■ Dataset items
━━━━━━━━

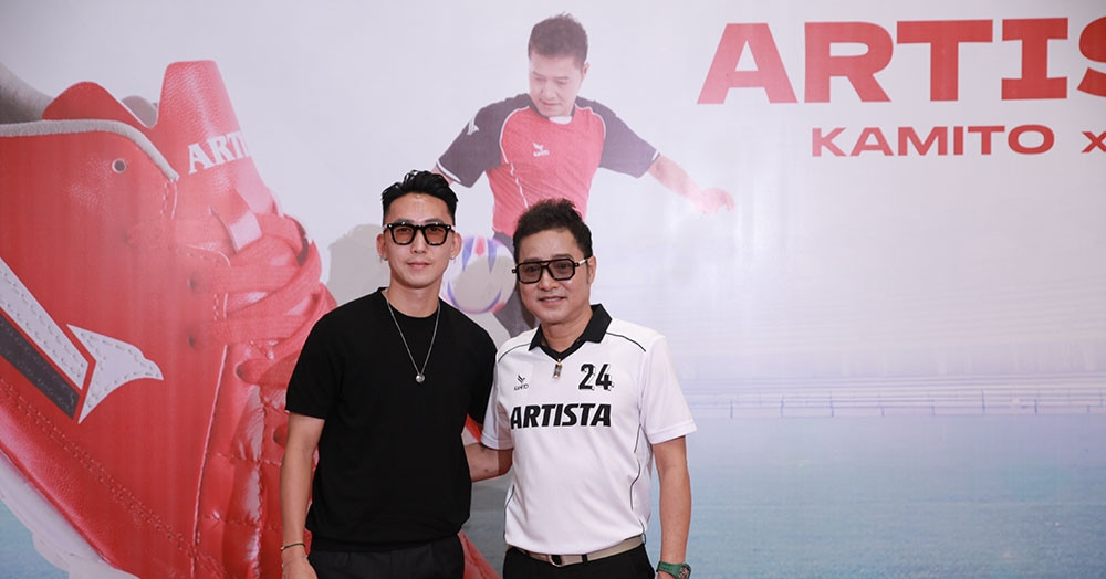Danh thủ Hồng Sơn và Nghiêm Xuân Tú trong buổi ra mắt bộ sưu tập. Ảnh: BTC
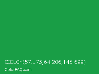 CIELCh 57.175,64.206,145.699 Color is a normal green color and the nearest color is Green Pigment #00a550. Hex code #199e46 and RGB value is rgb(25,158,70). In RGB color space, this color is composed of 10% red, 62% green, 27% blue, In CMYK color space, this color is composed of 84% cyan, 0% magenta, 56% yellow , 38% black , In HSL color space, this color has a hue angle of 140° , 73% saturation and 36% lightness.
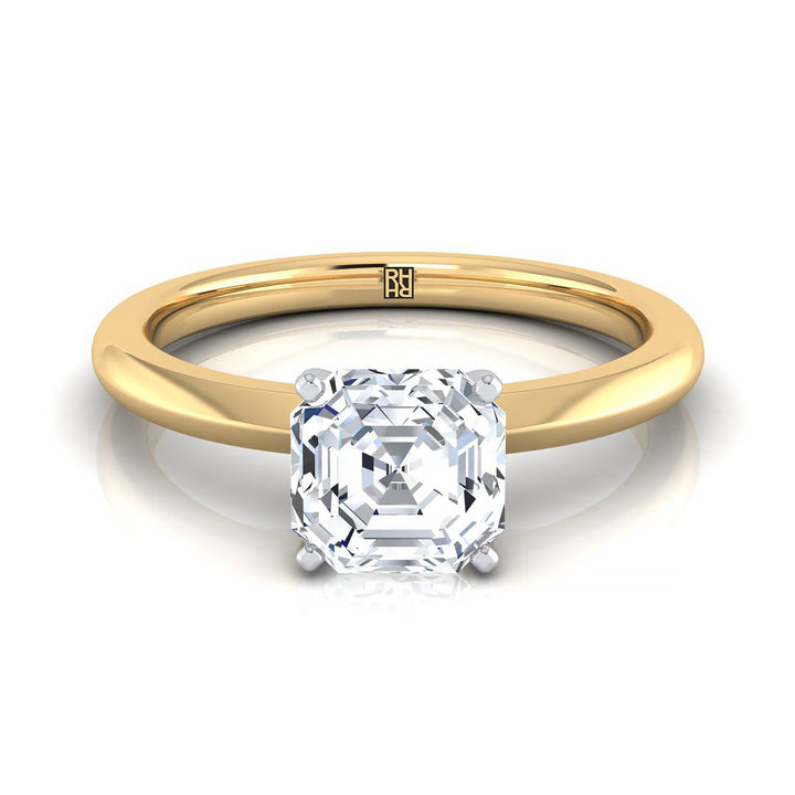 18K Yellow Gold Asscher Cut Petite Knife Edge Solitaire Engagement Ring
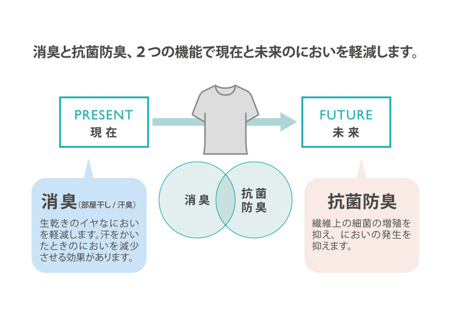 生乾きのイヤなにおいを軽減します。汗をかいたときのにおいを減少させる効果があります。
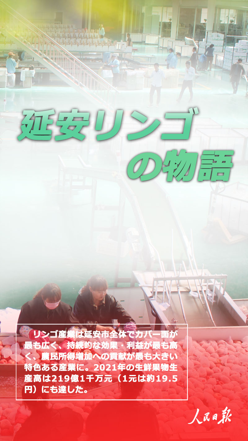 リンゴ産業(yè)は延安市全體でカバー面が最も広く、持続的な効果?利益が最も高く、農(nóng)民所得増加への貢獻が最も大きい特色ある産業(yè)に。2021年の生鮮果物生産高は219億1千萬元(1元は約19.5円)にも達した。
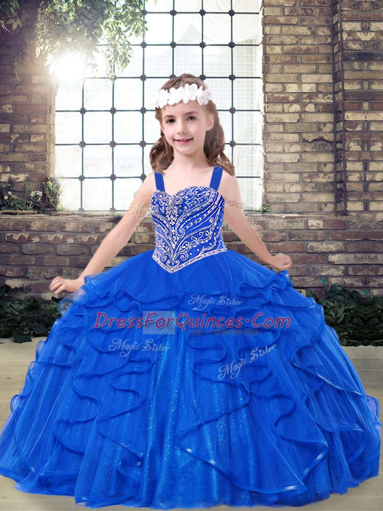 Royal Blue Tulle Lace Up Straps Sleeveless Floor Length Pageant Dress for Girls Beading and Ruffles
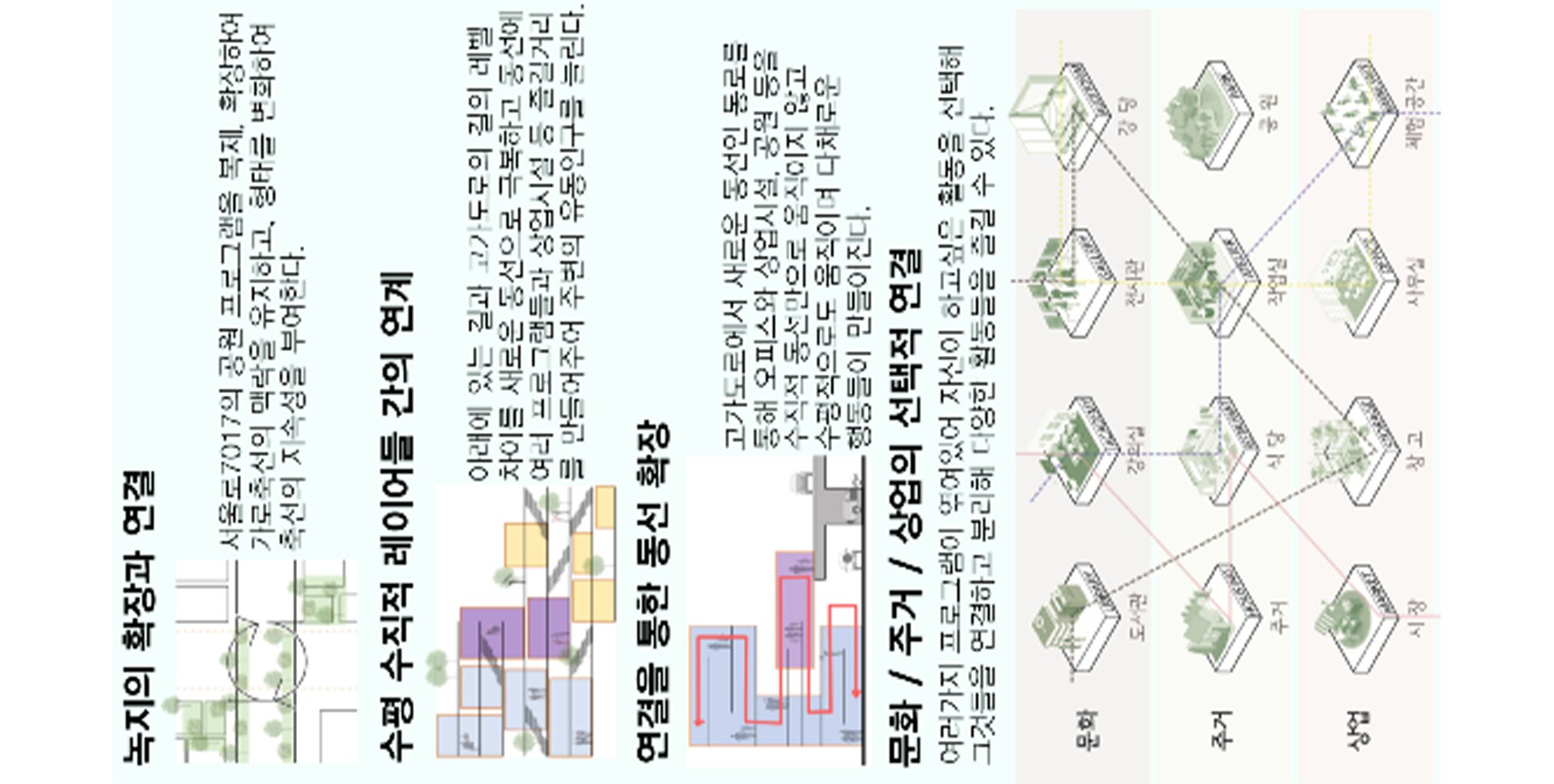 서울로7017은 현대시대 두 가지의 전혀 다른 시간의 축선을 연결하여 디자인으로 승화시킨다.
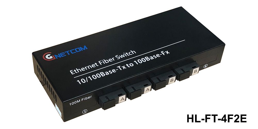 Switch chuyển tiếp quang Gnetcom HL-FT-4F2E | 4 cổng SC + 2 Cổng J45 10/100Mbp
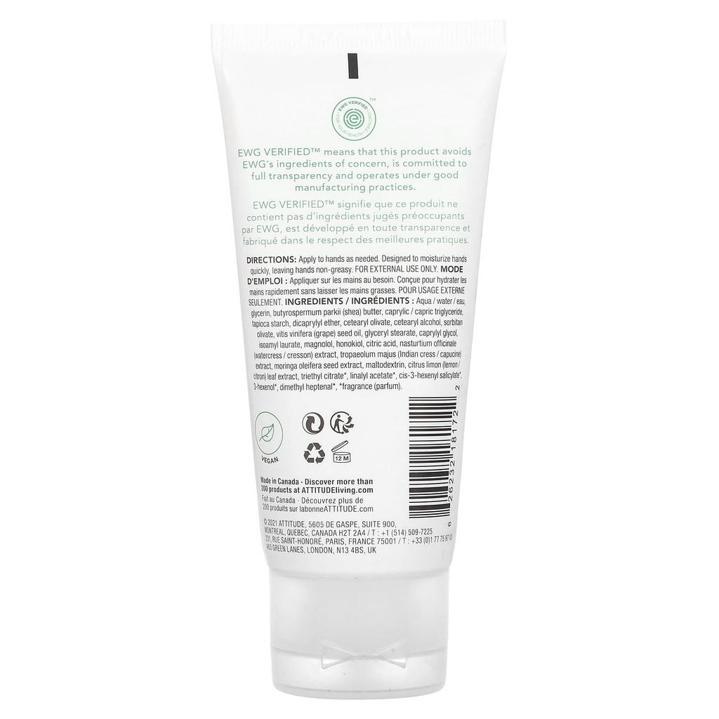 Ingredients: Purified water, glycerin, shea (Butyrospermum parkii) butter, caprylic/capric triglyceride, tapioca starch, dicaprylyl ether, cetearyl olivate, cetearyl alcohol, sorbitan olivate, vitis vinifera (grape) seed oil, glyceryl stearate, caprylyl glycol, isoamyl laurate, magnolol, honokiol, citric acid, nasturtium officinale (watercress) extract, Tropaeolum majus (capucine) extract, Moringa oleifera (moringa) seed extract, maltodextrin, citrus limon (lemon) leaf extract, triethyl citrate*, linalyl acetate*, cis-3-hexenyl salicylate*, 3-hexenol*, dimethylheptenal*, *fragrance.
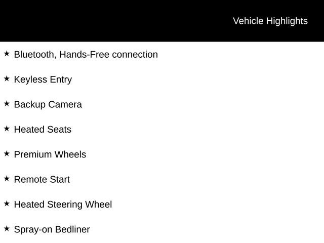 Bluetooth, Hands-Free connection, Keyless Entry, Backup Camera, Heated Seats, Premium Wheels, Remote Start, Heated Steering Wheel, Spray-on Bedliner, 4WD.
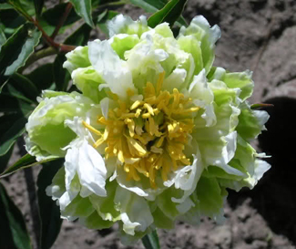 Cheddar Surprise (Чеддар Сюрпрайз. Цветок махровый, бомбовидный, крупный. В начале цветения плоский, с несколькими рядами белых лепестков и желтыми тычинками в центре, затем вырастающая корона из белых лепестков перекрывает желтые тычинки. Очень необычный! Стебли мощные, высота куста 90 см, диаметр цветка 15-20 см. Срок средне-поздний. В НАЛИЧИИ: корень 3-5 почек в контейнере - 2700 рублей
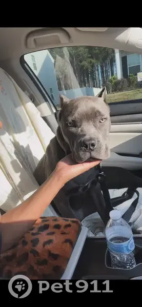 He does not have his vest on but he has his small blue Adam’s collar and a black and grey thick collar on . On his collar there is a gold tag that has his vet information on it. His ears, and tail is cropped, and he has a small cut on his lip.
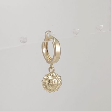 Zarcillo Huggies Unitario (Ø 11 mm) C/ Sol Puff – Oro Amarillo 14Kts
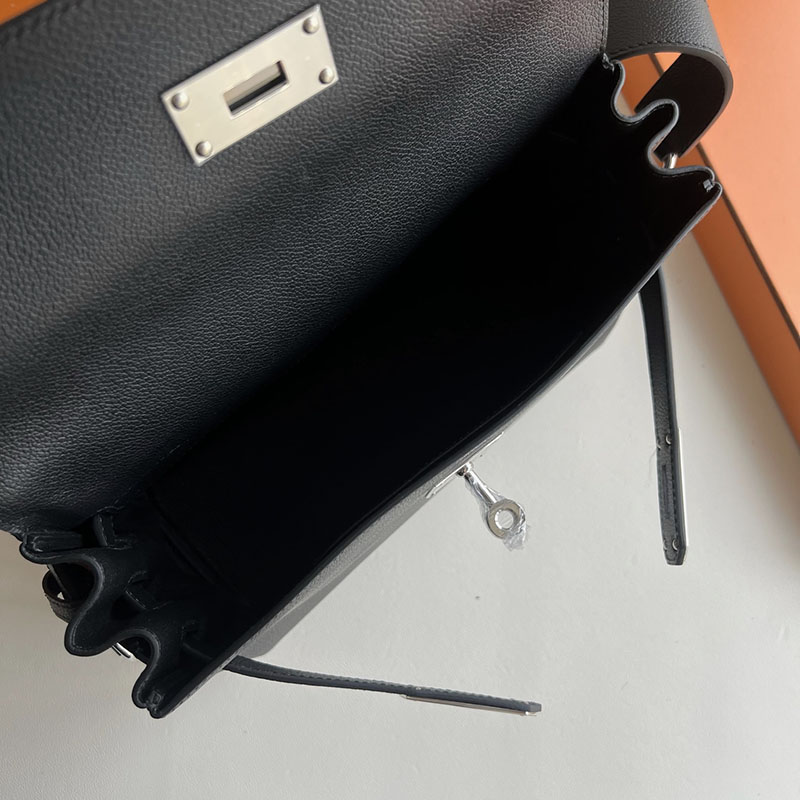 エルメス バッグ値段 HERMES ケリーメッセンジャー 黒 ブラック エバーカラー シルバー金具 2521246 ケリーメッセンジャー 定価

━━━━━━━━

Nothing but an exact copy of the data, without its images, should make up your answer.

Danh thủ Hồng Sơn và Nghiêm Xuân Tú trong buổi ra mắt bộ sưu tập. Ảnh: BTC
 CIELCh 57.175,64.206,145.699 Color is a normal green color and the nearest color is Green Pigment #00a550. Hex code #199e46 and RGB value is rgb(25,158,70). In RGB color space, this color is composed of 10% red, 62% green, 27% blue, In CMYK color space, this color is composed of 84% cyan, 0% magenta, 56% yellow , 38% black , In HSL color space, this color has a hue angle of 140° , 73% saturation and 36% lightness.
 18K Yellow Gold Asscher Cut Petite Knife Edge Solitaire Engagement Ring
 生乾きのイヤなにおいを軽減します。汗をかいたときのにおいを減少させる効果があります。
 リンゴ産業(yè)は延安市全體でカバー面が最も広く、持続的な効果?利益が最も高く、農(nóng)民所得増加への貢獻が最も大きい特色ある産業(yè)に。2021年の生鮮果物生産高は219億1千萬元(1元は約19.5円)にも達した。
 Royal Blue Tulle Lace Up Straps Sleeveless Floor Length Pageant Dress for Girls Beading and Ruffles
 서울로7017은 현대시대 두 가지의 전혀 다른 시간의 축선을 연결하여 디자인으로 승화시킨다.
 Switch chuyển tiếp quang Gnetcom HL-FT-4F2E | 4 cổng SC + 2 Cổng J45 10/100Mbp
 Ingredients: Purified water, glycerin, shea (Butyrospermum parkii) butter, caprylic/capric triglyceride, tapioca starch, dicaprylyl ether, cetearyl olivate, cetearyl alcohol, sorbitan olivate, vitis vinifera (grape) seed oil, glyceryl stearate, caprylyl glycol, isoamyl laurate, magnolol, honokiol, citric acid, nasturtium officinale (watercress) extract, Tropaeolum majus (capucine) extract, Moringa oleifera (moringa) seed extract, maltodextrin, citrus limon (lemon) leaf extract, triethyl citrate*, linalyl acetate*, cis-3-hexenyl salicylate*, 3-hexenol*, dimethylheptenal*, *fragrance.
 Bluetooth, Hands-Free connection, Keyless Entry, Backup Camera, Heated Seats, Premium Wheels, Remote Start, Heated Steering Wheel, Spray-on Bedliner, 4WD.
 Cheddar Surprise (Чеддар Сюрпрайз. Цветок махровый, бомбовидный, крупный. В начале цветения плоский, с несколькими рядами белых лепестков и желтыми тычинками в центре, затем вырастающая корона из белых лепестков перекрывает желтые тычинки. Очень необычный! Стебли мощные, высота куста 90 см, диаметр цветка 15-20 см. Срок средне-поздний. В НАЛИЧИИ: корень 3-5 почек в контейнере - 2700 рублей
 He does not have his vest on but he has his small blue Adam’s collar and a black and grey thick collar on . On his collar there is a gold tag that has his vet information on it. His ears, and tail is cropped, and he has a small cut on his lip.
 Zarcillo Huggies Unitario (Ø 11 mm) C/ Sol Puff – Oro Amarillo 14Kts
 エルメス バッグ値段 HERMES ケリーメッセンジャー 黒 ブラック エバーカラー シルバー金具 2521246 ケリーメッセンジャー 定価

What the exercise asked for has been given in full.